What does $[0,1]/\{\frac 1n : n \in \mathbb N \cup \infty\}$ look like - where the quotient operation is the quotient topology after identifying the latter set with a point?
I'm mostly curious if this space can be visualized. Any open set in $[0,1]$ that doesn't contain one of $\{\frac 1n : n \in \mathbb N \cup \infty\}$ is unchanged by the quotient operation - but any open set that contains one of these points then contains all of them, and in fact contains every point in the interval close enough to $0$.
My naive guess is that this space is homeomorphic to the Hawaiian earring - each $[\frac 1{n+1}, \frac 1n]$ becomes identified with a circle, and these become "increasingly smaller" as $n$ decreases (this is topologically nonsense, but I'm not sure how to word it in a way that's not, if this is even possible). Am I right in my guess? If so, how would I go about proving the existence of a homeomorphism?
The Hawaiian Earring $H$ is usually defined as the subspace of $\Bbb R^2$ which is the union of circles $C_n$ where $C_n$ has radius $1/n$ and center $(1/n,0)$.
Consider the maps $f_n:\left[\frac1{n+1},\frac1n\right]\to H$ defined by $$f_n(x)=\left(\frac1n,0\right)+\frac{e^{(2n(n+1)\pi i(x-1/(n+1)))}}n$$ Each $f_n$ maps its domain onto the circle $C_n$, identifying only the end points of the interval.
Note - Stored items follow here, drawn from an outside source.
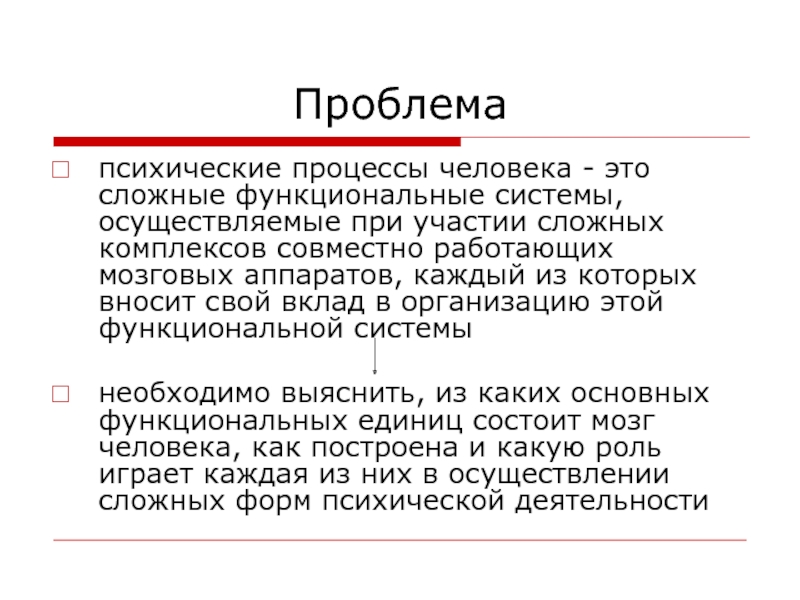 необходимо выяснить, из каких основных функциональных единиц состоит мозг человека, как построена и какую роль играет каждая из них в осуществлении сложных форм психической деятельности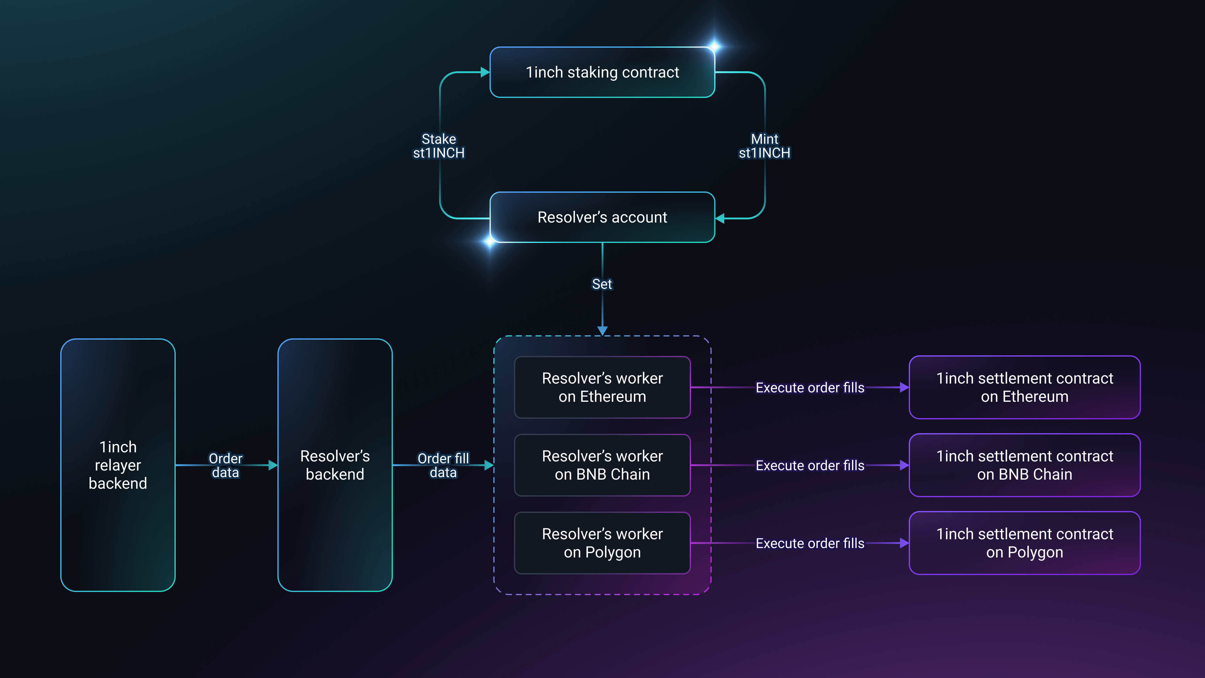 | A resolver’s workers | Smart contracts or just wallets (externally owned accounts, EOA) associated with the resolver’s account for each of the supported networks (as of early March, Ethereum, BNB Chain and Polygon are supported). A resolver can have 1 worker per chain, or between 1 and 3 workers in total. |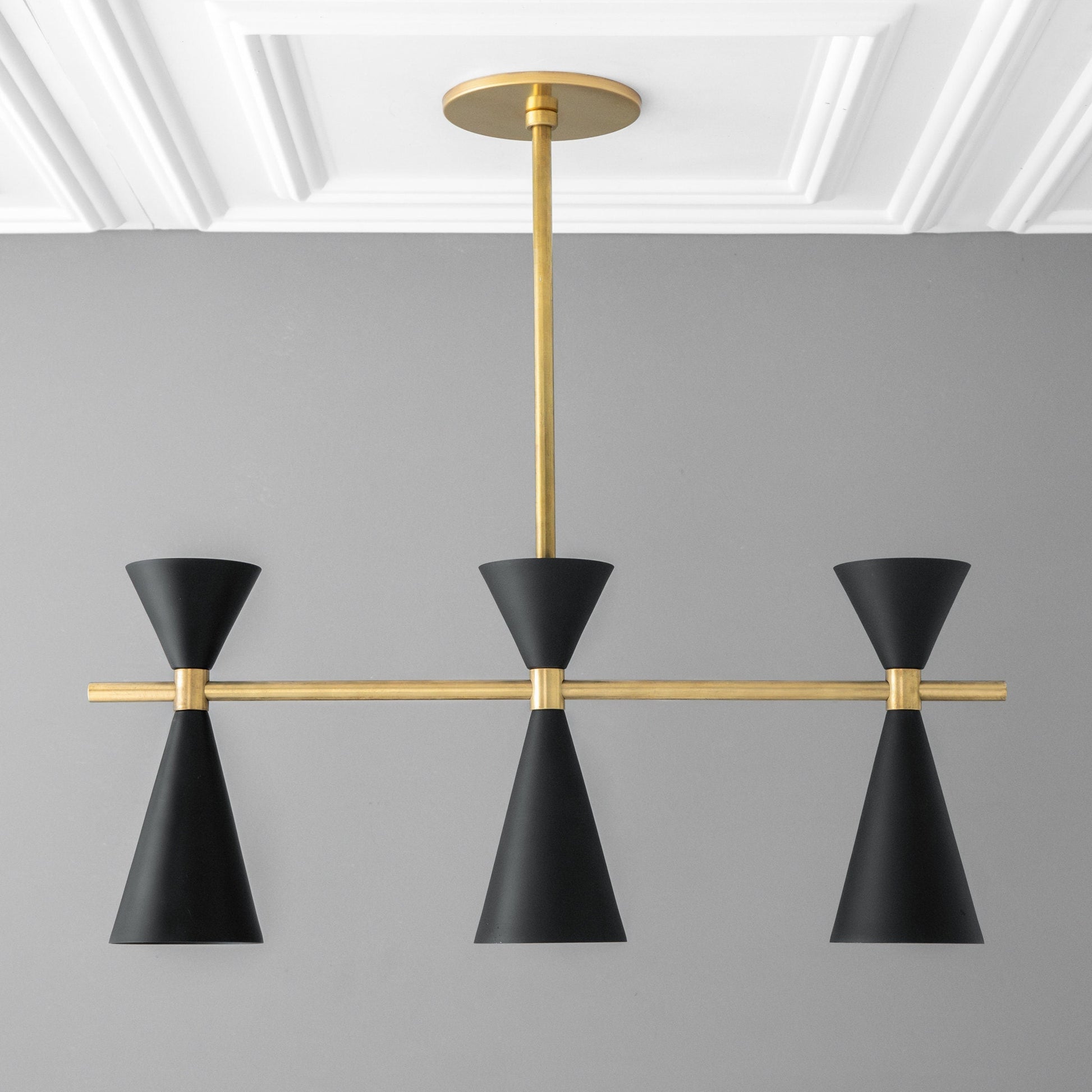 This in-line chandelier features your choice of finish on the drop and supporting arms with cone shades.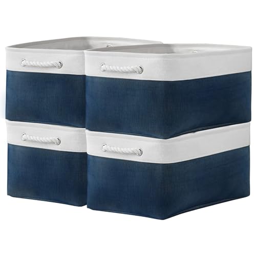 Size: 15.7 (L) x 11.8 (W) x 8.2 (H) inches, 4-piece set fabric storage basket , perfect collapsible rectangular gift basket, extra large storage space, decorative storage box for nursery organizers and large basket for storing more than a few items.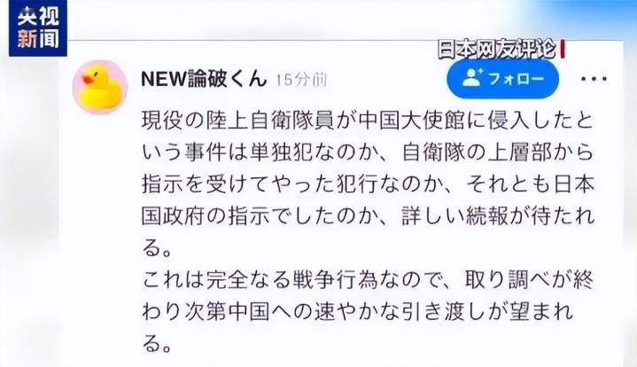 公共好我是老札,前几天又名拿着日本自保队证件的年青男人,硬生生翻墙闯进了中国驻日本大使馆,还公然叫嚣要以“神的风景”杀害中海酬酢东谈主员。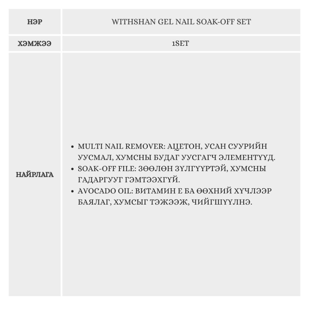 WITHSHAN GEL NAIL SOAK-OFF SET, 1SET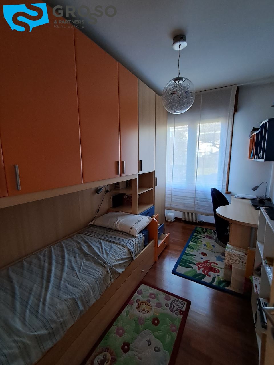 Proseguendo nella zona notte si trova un disimpegno ben organizzato, dotato di ripostiglio utile per ottimizzare gli spazi. Da qui si accede a due bagni, di cui uno finestrato, e a due camere da letto, tra cui una spaziosa matrimoniale. L'appartamento offre quindi una soluzione abitativa adatta sia a famiglie che a chi cerca comfort e funzionalità in un contesto riservato.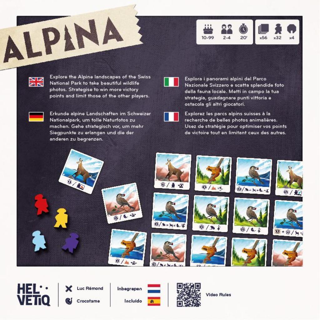 Erkundet den Schweizer Nationalpark mit der Kamera um den Hals, um Tiere in ihrem natürlichen Lebensraum zu fotografieren. Der gepunktete Nussknacker, das Wahrzeichen des Parks, Gämse und Grasfrösche warten auf euch und bieten euch eine einzigartige Gelegenheit, auf originelle Weise Punkte zu sammeln, die mit der Landschaft und der Interaktion mit euren Nachbarn zusammenhängen. Alpina ist ein Strategiespiel mit einfachen Regeln. Spielt ihr eine Karte, um mehr Punkte zu sammeln, oder nutzt ihr die Gelegenheit, um eure Gegner hinters Licht zu führen? Findet die Karte, die es euch ermöglicht, zwischen diesen beiden Zielsetzungen eine Balance zu finden, und der Sieg wird euch gehören!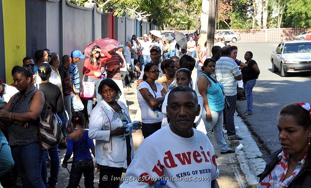 Largas filas de personas en Color Visión esperando los números de Cristian Casa Blanca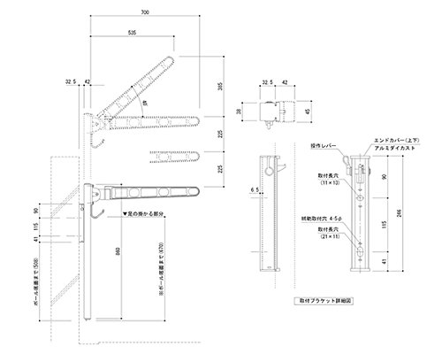 バルコニー物干金物 横収納・ポール型ホワイトクリーム SK-700YSLP-WC 新協和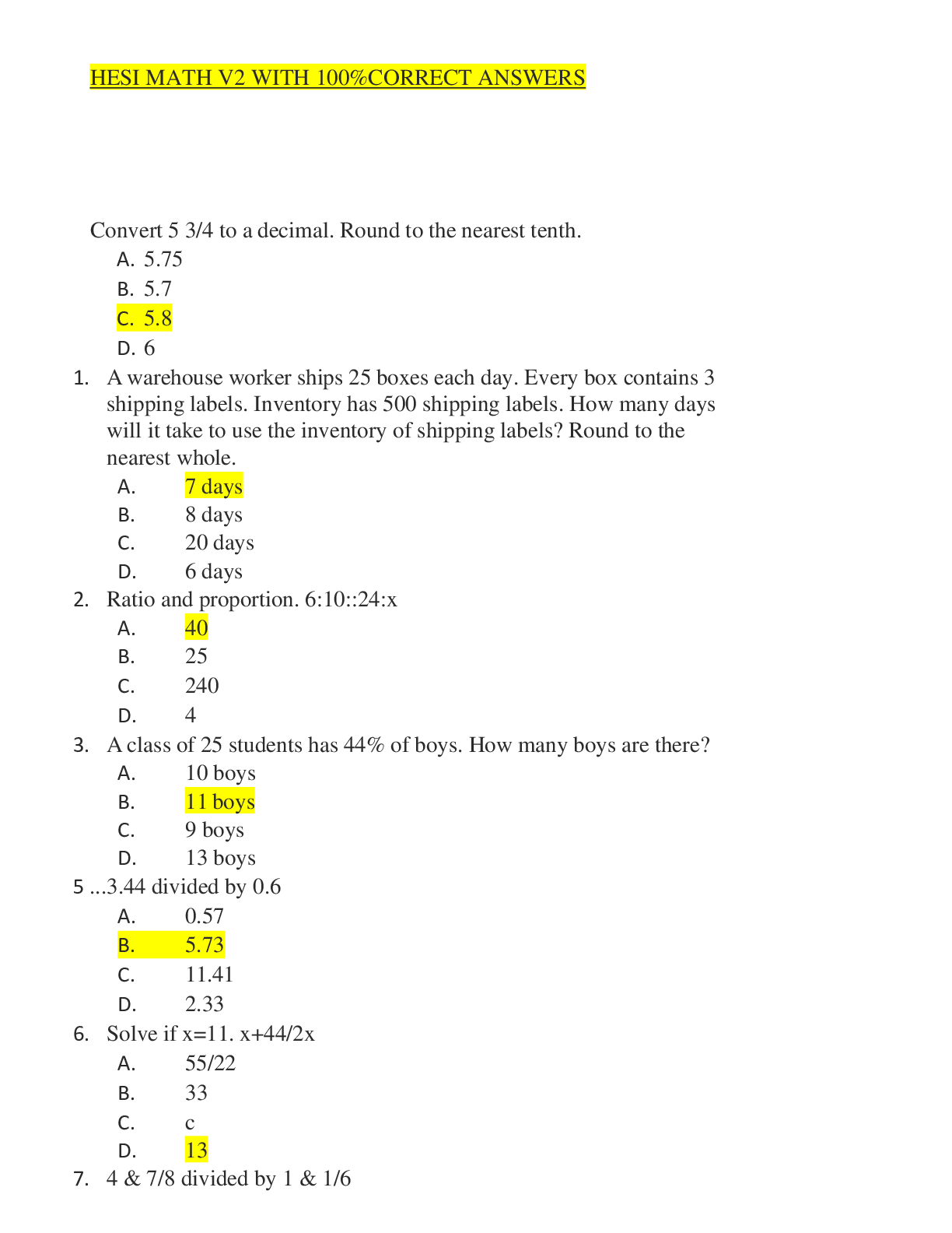 Mathematics > EXAM > HESI MATH V2 WITH 100%CORRECT ANSWERS (All)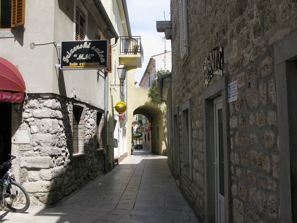 Veľmi často navštevovaný je určite aj vďaka reklame starobylý Vrbnik. Mestečko na kopčeku nad morom pôsobí zaujímavo. Prechádzka jeho úzkymi uličkami je cieľom hlavne jednodňových výletov rôznych cestoviek. Vyberanie parkovného je tu preto určite zaujímavým zdrojom príjmu. Okrem úzkych uličiek nás zaujala aj pekná pláž pri prístavnom móle. Dostať sa na ňu dá jedine prechodom cez tunel v skale.

Now consider $f:[0,1]\to H$ defined by $$f(x)=\begin{cases} f_n(x), &\text{ if }1/n\ge x\ge 1/(n+1)\\ (0,0), &\text{ if }x=0 \end{cases}$$
This $f$ has a continuous restriction on $(0,1]$ since the domains of the $f_n$ form a locally finite family of closed sets. As $(0,1]$ is open in $[0,1]$, $f$ is continuous on $(0,1]$. I leave the prove of the continuity at $0$ to you. This $f$ now induces a continuous bijection $\tilde f:[0,1]/\sim\to H$, which is a homeomorphism since the domain is compact and $H$ is Hausdorff.